Sinopec has also recently reported that its DeepSeek-R1 model has completed verification testing on imported GPUs and domestic GPU platforms, and its inference computing efficiency has nearly doubled. In the future, DeepSeek can be applied in Sinopec's core areas such as seismic data processing, reservoir development optimization, and chemical product research and development.
In summary, DeepSeek has created clear energy-saving cases in training and enterprise-level applications through technological disruption, cost reconstruction, and open source ecology. There is still huge room for energy conservation and carbon reduction in the future.
Wider social benefits
Based on this analysis, DeepSeek has already performed well in the "E (environment)" of ESG, but DeepSeek also has excellent case applications in "S (society)" and "G (corporate governance)".
At the "G (corporate governance)" level, China Business News recently published an article pointing out that with the access of technology giants such as WeChat and Baidu to DeepSeek, and the launch of DeepSeek-R1 intelligent models based on full-stack domestic technology in government systems across the country, the demand for computing power has increased dramatically. As DeepSeek expands its presence in multiple fields, the demand for computing power in society will continue to grow in the future.
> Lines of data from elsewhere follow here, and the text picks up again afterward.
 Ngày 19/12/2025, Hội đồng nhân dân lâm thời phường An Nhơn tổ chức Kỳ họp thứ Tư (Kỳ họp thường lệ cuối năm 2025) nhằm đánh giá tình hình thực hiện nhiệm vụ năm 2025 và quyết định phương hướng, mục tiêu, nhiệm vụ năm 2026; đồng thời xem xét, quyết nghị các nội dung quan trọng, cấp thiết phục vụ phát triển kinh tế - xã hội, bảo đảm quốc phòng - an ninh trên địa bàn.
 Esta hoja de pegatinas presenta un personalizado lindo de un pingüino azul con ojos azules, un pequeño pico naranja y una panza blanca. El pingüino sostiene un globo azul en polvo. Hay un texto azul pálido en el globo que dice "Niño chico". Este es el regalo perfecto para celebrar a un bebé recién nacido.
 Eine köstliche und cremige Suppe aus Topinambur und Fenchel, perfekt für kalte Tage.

At the "S (social)" level, according to The Paper, some towns in Xingye County, Yulin City, Guangxi Province, have used DeepSeek for poverty prevention monitoring. "Through DeepSeek, the data of all the poor households in the town are dynamically analyzed to accurately identify families at risk of returning to poverty, and automatically generate assistance suggestions. The analysis efficiency is 50% higher than that of traditional methods."
From this perspective, DeepSeek's potential boosting value in various dimensions of ESG undoubtedly still has considerable room for development, and it is undoubtedly a "hidden giant in the city."
The current artificial intelligence may be just one side of DeepSeek. The instrumental rationality reflected in its efficiency-first approach and the inherent logic of incorporating environmental friendliness, social equity, and corporate governance into technological evolution will bring more surprises to mankind in promoting sustainable social development.